Accordingly, the Court will not dismiss the complaint or require Nesbit to plead a more definite statement of her claims.

IV. Conclusion
For the foregoing reasons, it is ORDERED that Defendant Daimler Trucks North America, LLC’s Motion to Dismiss or Alternative Motion for More Definite Statement (Doc. 36) and Defendant Detroit Diesel Corporation’s Motion to Dismiss or Alternative Motion for More Definite Statement (Doc. 37) are DENIED.

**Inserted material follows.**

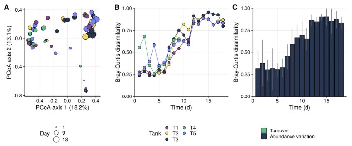 Hình 3. A. Sự phân bố PCoA của sự khác biệt Bray-Curtis của tất cả các hệ vi sinh vật nước nuôi trong quá trình nuôi. Các chấm được tô màu theo các bể khác nhau và kích thước tương ứng với số ngày sau khi bắt đầu canh tác.
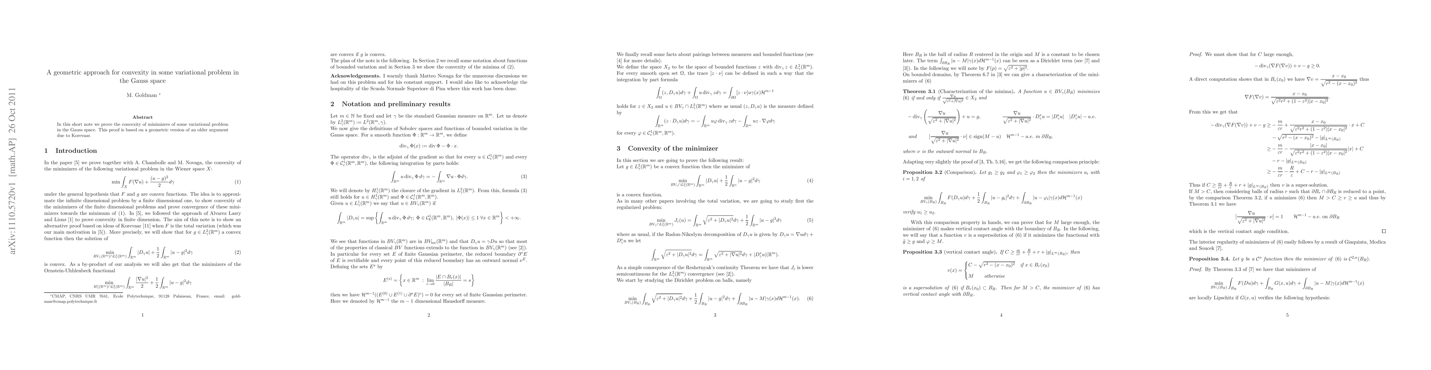 In this short note we prove the convexity of minimizers of some variational problem in the Gauss space. This proof is based on a geometric version of an older argument due to Korevaar.

DONE and ORDERED in Orlando, Florida, on July 27, 2021.

All Citations
Slip Copy, 2021 WL 3211209

Footnotes

1
At this stage of the case, the facts from Nesbit’s Third Amended Complaint (Doc. 32) are taken as true and construed in the light most favorable to Nesbit. See Hill v. White, 321 F.3d 1334, 1335 (11th Cir. 2003).

2
Rule 12(b)(6) provides that, prior to answering a complaint, a defendant may move the district court to dismiss the complaint for “failure to state a claim upon which relief can be granted.” Fed. R. Civ. P. 12(b)(6).

3
Rule 12(e) provides: “A party may move for a more definite statement of a pleading to which a responsive pleading is allowed but which is so vague or ambiguous that the party cannot reasonably prepare a response. The motion must be made before filing a responsive pleading and must point out the defects complained of and the details desired. If the court orders a more definite statement and the order is not obeyed within 14 days after notice of the order or within the time the court sets, the court may strike the pleading or issue any other appropriate order.”

4
The Court also concludes that the Complaint does not fall within any of the other categories of shotgun pleadings.